Oil analysts have cut their price forecasts for the first time since February, as the prospect of the world’s largest producers agreeing to freeze output dims and US production shows signs of gradually picking up.
After five consecutive months of upward revisions, the 34 analysts and economists polled by Reuters forecast Brent would average $45.44 a barrel in 2016, slightly lower than last month’s forecast of $45.51.
The North Sea benchmark has averaged $42.59 so far this year, having ricocheted from a near-13-year low of $27.10 in January to an eight-month high of $52.86 in June this year.
Oil’s weakness over the last two years has eroded the budgets of even wealthy producers such as Saudi Arabia or Qatar and forced companies around the world to cut thousands of jobs.
With the price struggling to hold above $50 a barrel, there are still questions hanging over global economic growth.
Of the 28 respondents who participated in both the August and July surveys, eight lowered their 2016 forecasts for Brent, while 16 kept them unchanged.
An informal meeting between members of Organization of the Petroleum Exporting Countries and non-OPEC nations in September was unlikely to result in a meaningful agreement to limit production, analysts said.
“A decision (to freeze output) would be no more than lip service, as Russia and Saudi Arabia are producing near their capacity limit. So this speculation will vanish into thin air, soon – and prices will come down again,” said Frank Schallenberger, head of commodities research at Stuttgart-based Landesbank Baden-Wuerttemberg.
The rise in the number of drilling rigs in the United States over the last three months could also exacerbate a persistent supply overhang, denting prospects of a rebalancing in oil markets, analysts noted.

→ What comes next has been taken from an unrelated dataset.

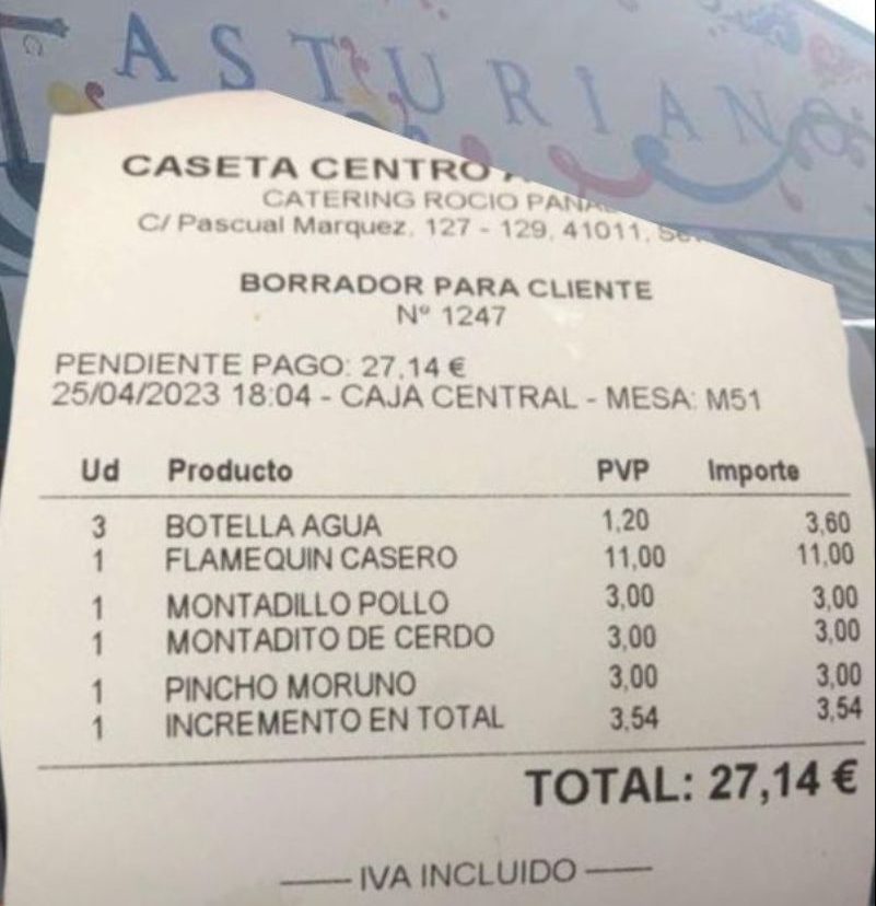 El ticket publicado por Facua muestra consumiciones habituales como botellas de agua, flamenquín casero, montaditos y un pincho moruno. Sin embargo, al final de la factura se indica un cargo adicional de 3,54 euros bajo ese concepto de incremento, que eleva el total a 27,14 euros. “Una de las afectadas indica que cuando pidió que le aclarasen por qué le incluían ese recargo, el camarero se limitó a contestarle ‘por ser Feria’”, ha denunciado la asociación en su comunicado.

US crude production will increase, but will likely fall short of the levels seen between 2011 and 2014, ABN AMRO senior energy economist Hans Van Cleef said.
“Higher US crude production will cap the upside of oil price recovery,” he said.
Attacks on oil facilities in Nigeria, civil war in Libya and economic and political crisis in Venezuela have curtailed output, but should these risks abate, returning supply could also put pressure on prices.
“If the political situation (in Nigeria) eases and output returns sooner than expected that could cause prices to fall sharply,” Capital Economics commodities analyst Thomas Pugh said, adding that expectations of output returning in Libya poses an additional risk.
Goldman Sachs said there was a likelihood of recovery from supply disruptions in Nigeria, Iraq and Libya in the second half of this year that could tilt the oil market back into surplus.
The survey forecast US light crude will average $43.96 a barrel in 2016, compared with an average so far this year of around $41 per barrel.
JBC Energy had the lowest 2016 forecast for Brent at $41.99 a barrel, while ANZ had the highest at $55.